The library libelos allows easy creation of the needed protocol structures. Any other environment not using the library needs to implement the simple and straightforward protocol. This way applications written in any arbitrary programming language can make use of the logging and event handling features. It is left to system architects to make use of this interface for highly specific events of any kind, for example, in the application software layers.
That event is filtered and forwarded to all applications doing heavy calculations. (e.g. doing some Artificial Intelligence) The event causes these applications to slow down or even to stop their calculations, which is expected to stop further temperature increases.
These events are received and processed by a predictive maintenance application. This allows a replacement of the storage before it is running out of spare sectors or it just reduces the write activities until replacement.
During development or testing of a vehicle, these kinds of events can help to forecast the degree of wear of the flash and from that the expected end of life of the storage can be deduced and finally optimized.
Security aspects¶
The receivers of events from elos usually take actions depending on the type and content of the event. For example a receiver responsible for a clean shutdown, will shutdown that ECU in case a battery-low event was send in. If any process is able to send a fake low-power event via elos, an unintended shutdown will be initialized.

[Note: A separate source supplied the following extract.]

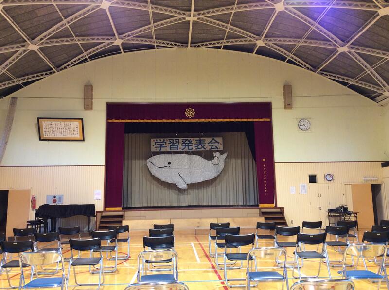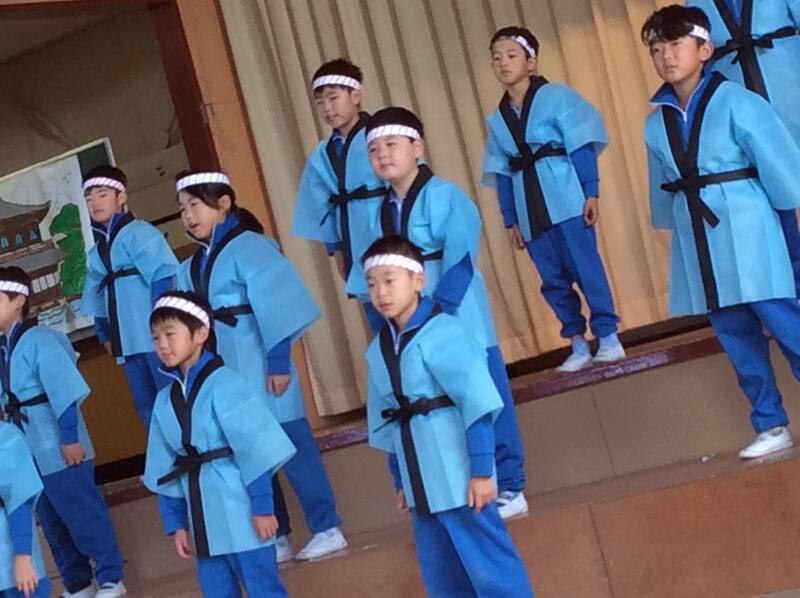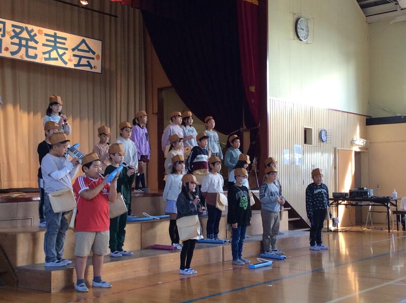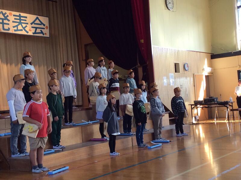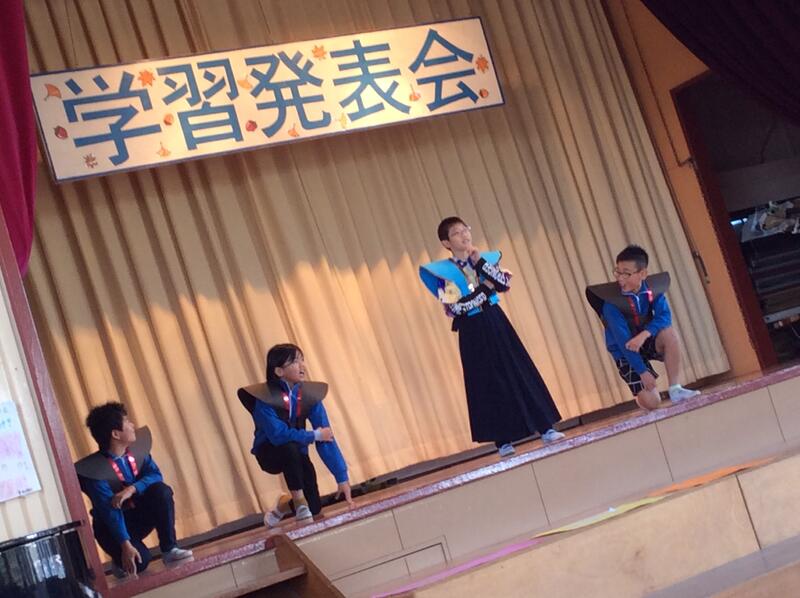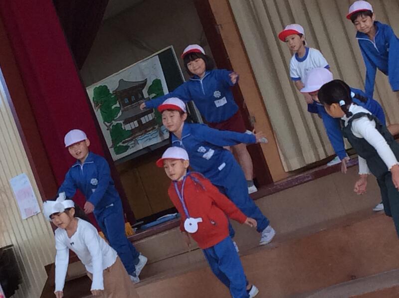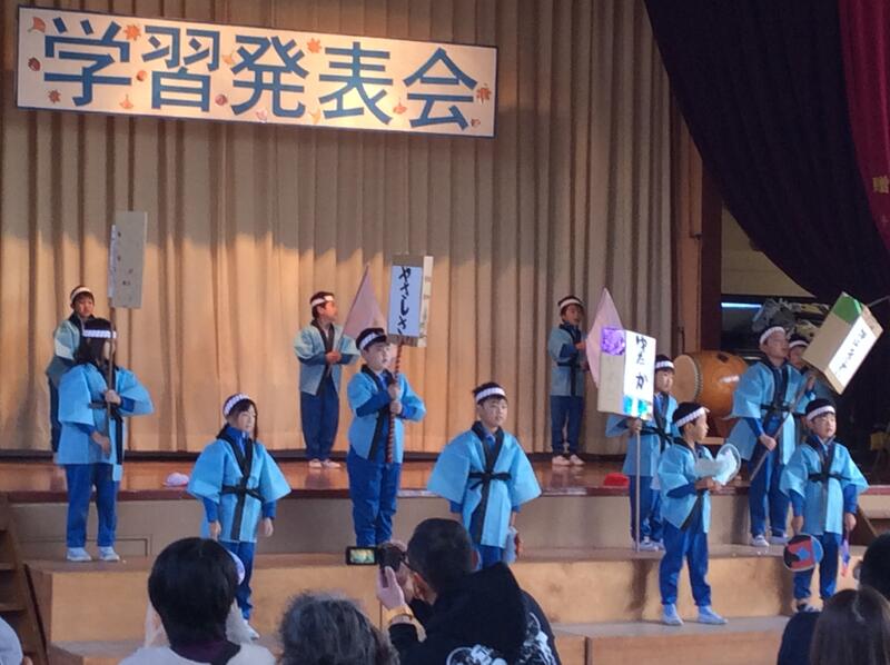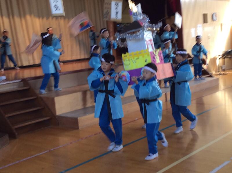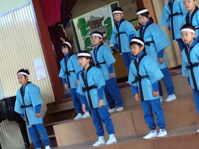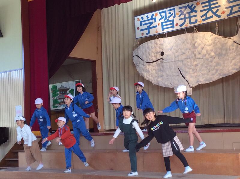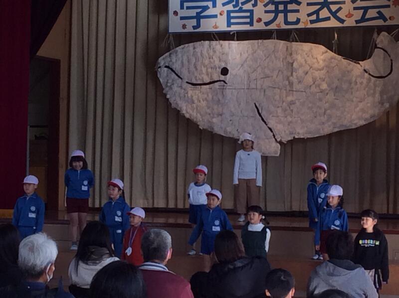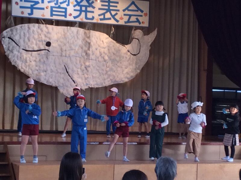 本日、八幡小学校の学習発表会が行われました。1年生は、国語劇「くじらぐも」です。国語の教科書にのっている「くじらぐも」の音読劇です。その中にダンスあり、合奏あり、歌もあり、とてもかわいらしい発表でした。

The countermeasure to this scenario is provided by the elos input filtering. Only previleged processes are allowed to send in such critical events. The processes and events are defined the elos config using rpn-filters.
The processes allowed to send such events are defined by their ELF-file. In the above example a process running the executable /usr/bin/system-manager might be allowed to send such events. If the process has a different executable the event is refused.
The extensions of elos to do the event authorization via powerful cryptographic algorithms is planned.
Subscribe to ‘your’ events¶
Via the elos IPC interface any process can register with elos for event retrieval, e.g. by using the libelos.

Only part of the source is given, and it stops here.